Warwick was seen no more at court. Patch, who seemed to have an ear at every door, was worse than any woman for whispering tales to me. He told me that the Earl, after a brief and unexpected Christmas appearance, had gone to his manor at Cambridge. Further, it wa
s rumoured that George of Clarence communicated with him, and that there was more talk of Isabel, the frail fair lady with her vast estates.
‘A right comely wench,’ he said. ‘But sickly, like her sister Anne. Though I doubt not that were she as hideous as I, the prospect of ridding London of the Woodvilles would aid Duke George to love her.’
He was waiting for me to say he was not hideous. All I said was: ‘How would marrying Isabel harm the Woodvilles?’
‘I fancy Lord Warwick has promised George that he will engineer this,’ grinned Patch. ‘But I fear ’tis delusion.
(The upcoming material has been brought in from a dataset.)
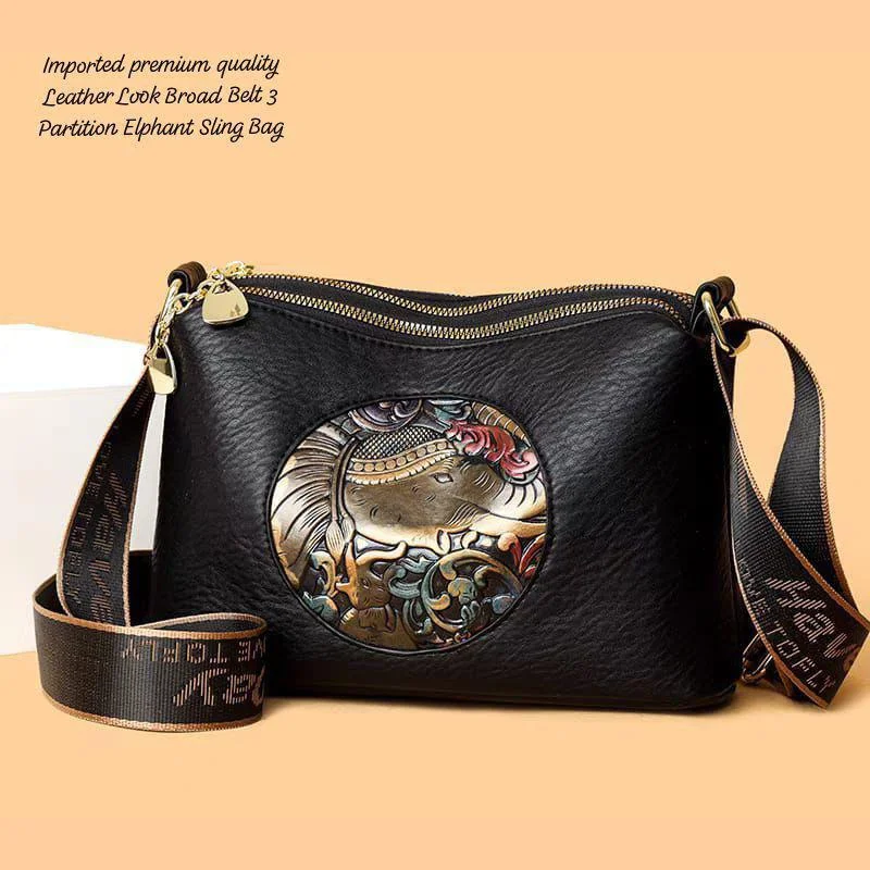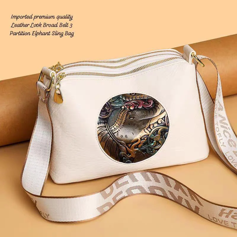 Premium Crossbody Sling Bag – Embossed Elephant Design with Trendy Broad Strap

You mind that Warwick was one of the Calais Earls?’
I did not, but let him continue.
‘King Louis of France is a craftsman at flattery,’ said the fool. ‘Not long after he took the throne he made a ploy for Warwick—sought his advice on hunting dogs, wrote him fair letters at Calais, and Warwick bloomed like a peach.’
‘Yet Warwick fought for Edward, and set him on the throne,’ I said, confused.
‘True,’ he answered. ‘And Warwick had the notion that once peace was made with Louis, there would be no more attacks from Margaret of Anjou. But this would mean crushing Burgundy. Edward would never agree to that. And in any event, as Elizabeth snatched the King from Bona of Savoy, Louis’s sister by marriage, all Warwick’s plans were halted in mid-gallop. Thus my lord loathes the Woodvilles.’
My mind flew back to an old conversation. I saw John Skelton’s handsome face, heard the tale of Richard’s flight to the Low Countries, and the saving of his life.
‘Nay,’ I said very softly. ‘They would never break with Burgundy, for the Burgundians are passing kind.’
Patch laughed. ‘Hardly could they, with the King’s sister married to Charles, Burgundy’s own Duke!’
He knew much more of politics than I. I said: ‘Warwick still plots with George, then, think you?’
‘Yes, and he would have done with Dickon, too,’ said the fool, and my witless heart started its old dance, floundering and prancing at the name.
‘I wonder if he will ever weaken,’ Patch mused. ‘I doubt not Warwick would give him Anne as a reward... ’Twould be easier if my lord had both brothers ranged against the King.’